Finance Minister Brian Lenihan turned Santa for the financial institutions this week with an announcement of a whopping €10 billion investment in the state's biggest banks and building societies.
The move - proportionately a vastly greater "gift" than the British government's £50 billion sterling bailout of the much larger U.K. banking sector - drew mixed optimistic and skeptical reaction.
Optimism was reflected in initial dramatic increases in the value of bank shares.
AIB shares were up 3.5% in the first hour of trading on Monday morning following the surprise government overnight announcement. Anglo-Irish shares were up almost 13% and Bank of Ireland almost 16.5%, while Irish Life and Permanent shares were up more than 5%.
But trading steadied as opposition politicians and financial experts began to question the lack of detail in the government announcement.
The government statement followed a seven and a half-hour meeting on Sunday at which Taoiseach (Prime Minister) Brian Cowen and Lenihan discussed measures to restore stability to the main Irish banks which lost more than €56 billion of their market capitalization since the stock market peaked in February 2007.
The statement said, "The state's investment may take the form of preference shares and/or ordinary shares and the state may where appropriate participate on an underwriting basis. In principle, existing shareholders will be expected to have the right to subscribe for new capital on the same terms as the government."
While the statement said institutions are being asked to submit their proposals "by early January," it was understood that the government expects to rapidly advance the recapitalization plan this week.
It was also understood that Lenihan believes there must be senior management changes in any institution supported by the state.
He said on Monday morning, "What I'm mainly concerned about is that the banks are in a position to extend credit.
"That's why we want to make this gesture, a demonstration of confidence in the banks, by upping their capital to show that their buffers are so strong they are indestructible."
Lenihan said there would be "tough discussions" with banks on the details of any state injection of funds.

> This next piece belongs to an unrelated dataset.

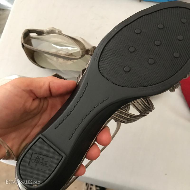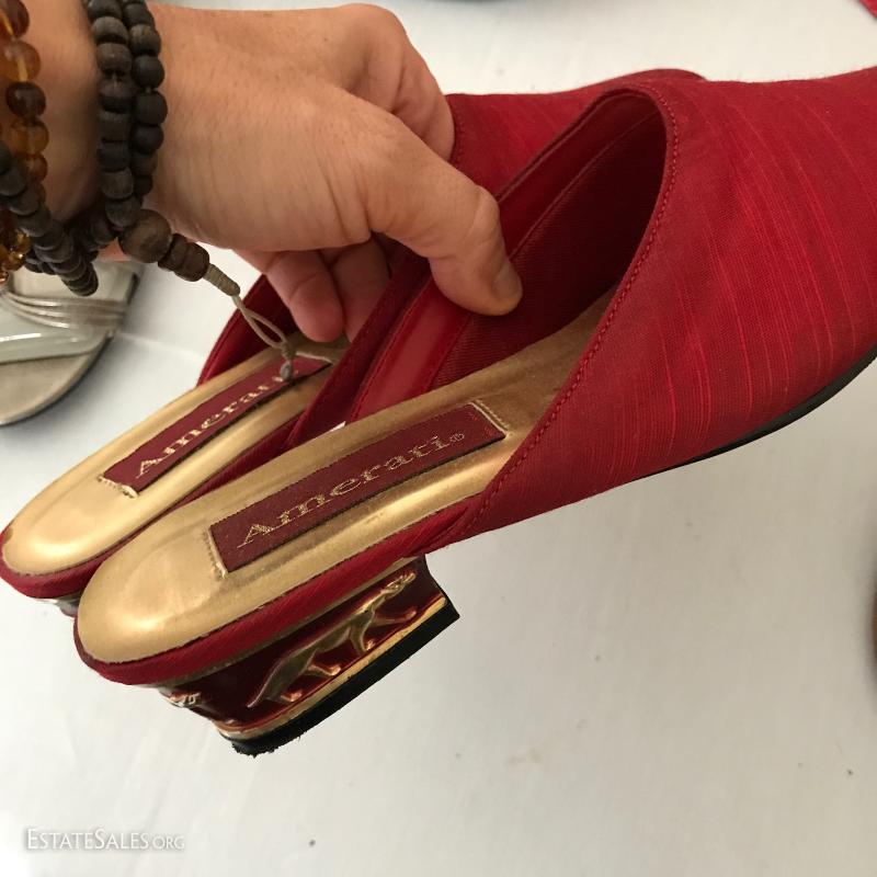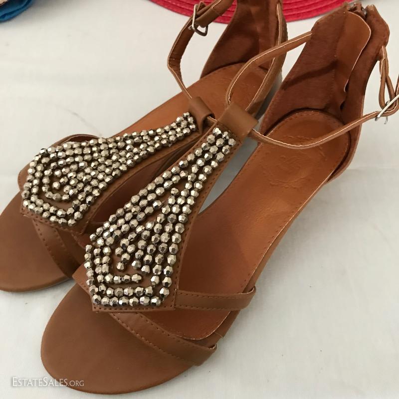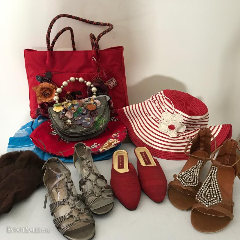 Greet autumn with style! Lot includes two hats, 5 purses, a pair of leather and rabbit fur gloves, and three pairs of shoes, sizes 7 and 7.5. See photos for details. From home of a smoker.

The government plans to use money from the National Pension Reserve Fund, or another public source, to support existing shareholders and new private investors. Legislation underpinning the pension fund will be amended.
Ireland's largest business representative group, IBEC, welcomed the recapitalization announcement.
IBEC director general Turlough O'Sullivan said, "A strong and competitive banking sector is vital if Ireland is to succeed and prosper in these very challenging economic times.
"Given the unprecedented global financial turmoil and the knock-on effect that this is having on jobs and the wider economy, it is necessary for the government to take this decisive action."
But the main opposition political parties were skeptical.
Fine Gael described the government's plans as "sketchy." The party said they amounted to "little more than a re-statement" of intentions when the banking crisis exploded 10 weeks ago.
Fine Gael finance spokesman Richard Bruton said, "It seems designed more to buy time for the government than to actually get cash flowing again through our banks.
"Two and a half months after the announcement of the banks' guarantee, other countries are much further down the road in recapitalizing their banks than we are."
Bruton told RTE Radio's "Morning Ireland" current affairs program, "I think you'd have to reckon there's some anticipation of difficulties ahead, and the minister wants to make a pre-emptive move to try and bolster confidence. This doesn't yet represent a strategy."
But Bruton also conceded, "On a positive note, it does mean the minister has moved from the view he had where he would only put money into banks as a last resort."
The Labor Party's finance spokesperson, Joan Burton, dismissed the bank recapitalization move as a "non-decision."
She said Sunday night's announcement was "astonishingly short on detail" and showed "no determination to address this issue in a way that is decisive and confidence-building."
She added, "Any state investment or co-investment must be accompanied by conditions that will protect the taxpayers and give the State an upside once the banks return to profitability."
The fund is available to the institutions included in the €440 billion bank guarantee scheme an-nounced in September.
Financial analysts said the collapse in Anglo Irish Bank's share price last week forced the government to finally produce a recapitalization plan.